Jelantah yang sudah diolah oleh PT Pertamina (persero) ini dilabeli Sustainable Aviation Fuel (SAF). BBM ini diklaim menghasilkan energi bersih, memangkas emisi karbon, serta ramah lingkungan.
Sekretaris Jenderal Kementerian ESDM Dadan Kusdiana menegaskan dukungan pemerintah terhadap langkah ini yang sejalan dengan program prioritas Presiden Prabowo Subianto.
"Ini adalah program Pak Presiden, Asta Cita harus terus kita laksanakan. Ketahanan energi, dan untuk yang ini tidak hanya ketahanan energinya, tapi juga swasembadanya. Jadi kemandiriannya juga semakin kuat," ujar Dadan di Bandar Udara Internasional Soekarno-Hatta, Tangerang, melalui keterangan tertulis, Rabu (20/8).

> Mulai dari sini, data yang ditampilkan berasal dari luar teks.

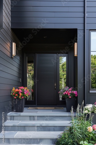 Fototapeta premium Modern black home entrance with minimalist style and vibrant floral accents
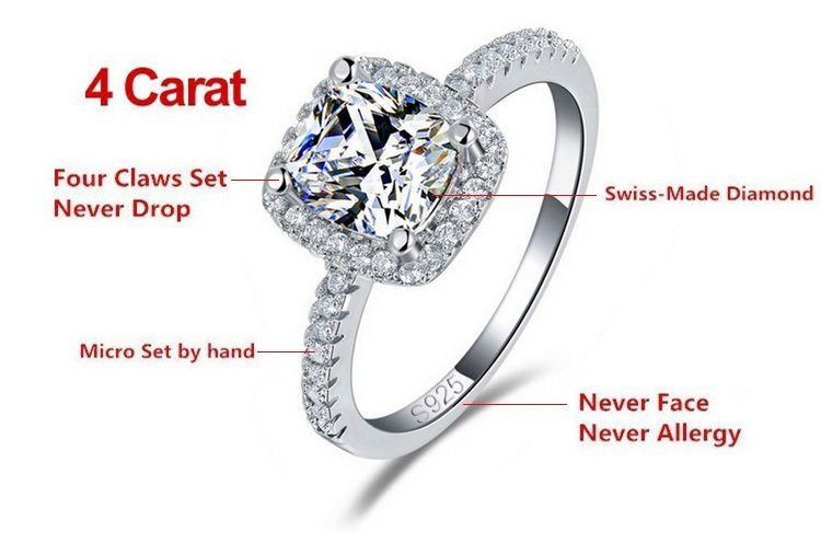 Pure 925 Sterling Silver 4 Carat CZ Diamonds Wedding Never Fade Ring M01390

Pertamina menyatakan SAF berbahan baku UCO ini mampu memangkas emisi karbon hingga 84 persen dibandingkan avtur fosil. Hal ini menjadi salah satu daya tarik utama dari inovasi yang dikembangkan di Kilang RU IV Cilacap.
Bahan bakar ini diklaim menawarkan peluang konkret bagi industri penerbangan untuk menurunkan jejak karbonnya tanpa mengorbankan standar keselamatan dan performa.
Secara teknis, bioavtur yang diproduksi di RU IV Cilacap telah memenuhi standar kualitas nasional melalui Surat Keputusan Direktur Jenderal Minyak dan Gas Bumi Nomor 70 Tahun 2025, serta standar internasional ASTM D1655 dan Defstan 91-091, syarat penting agar bahan bakar tersebut dapat dipakai aman pada pesawat terbang.
Untuk memastikan pasokan bahan baku yang stabil, Pertamina merangkul masyarakat lewat program pengumpulan minyak jelantah. Saat ini 35 titik pengumpulan telah didirikan di lokasi-lokasi strategis.
Momentum ini katanya menegaskan bahwa transisi energi bersih di Indonesia bukan sekadar wacana.
Ia mengklaim sudah ada rangkaian langkah praktis yang dilakukan pemerintah untuk mewujudkannya. Langkah mulai dari pemanfaatan potensi bioenergi, integrasi teknologi kilang, dan partisipasi masyarakat dalam pasokan.
Kendati begitu, ia mengakui masih ada pekerjaan rumah yang dikerjakan pemerintah. Hal ini terkait pengembangan bioetanol dan penguatan kerja sama lintas lembaga.
"Pertamina bersama seluruh stakeholders sudah membuktikan kita ini raja untuk biodiesel di dunia. Tidak ada yang mengalahkan untuk yang ini. Tapi kita masih punya tantangan untuk yang bioetanol. Banyak pekerjaan sudah dilakukan, memang kami mengajak bahwa tidak bisa hanya sektor hilir yang bertanggung jawab," tutur Dadan.
Pengembangan SAF ini telah dilakukan sejak 2021 dengan kolaborasi Pertamina dengan Institut Teknologi Bandung (ITB) dan telah menghasilkan bahan bakar dengan campuran bioavtur hingga 2,4 persen (J2,4) melalui mekanisme coprocessing di TDHT 1 RU IV Cilacap.
Uji coba pertama dilakukan pada Oktober 2021 menggunakan pesawat teregistrasi militer Dirgantara Indonesia, CN235-200 FTB, rute Bandung-Jakarta.
Dua tahun kemudian, pada Oktober 2023, pengujian dilanjutkan untuk pesawat komersial dengan uji terbang Boeing 737-800 milik Garuda rute Jakarta-Solo-Jakarta, sebuah rangkaian yang memperkuat bukti kesiapan penggunaan bahan bakar hijau pada armada pesawat.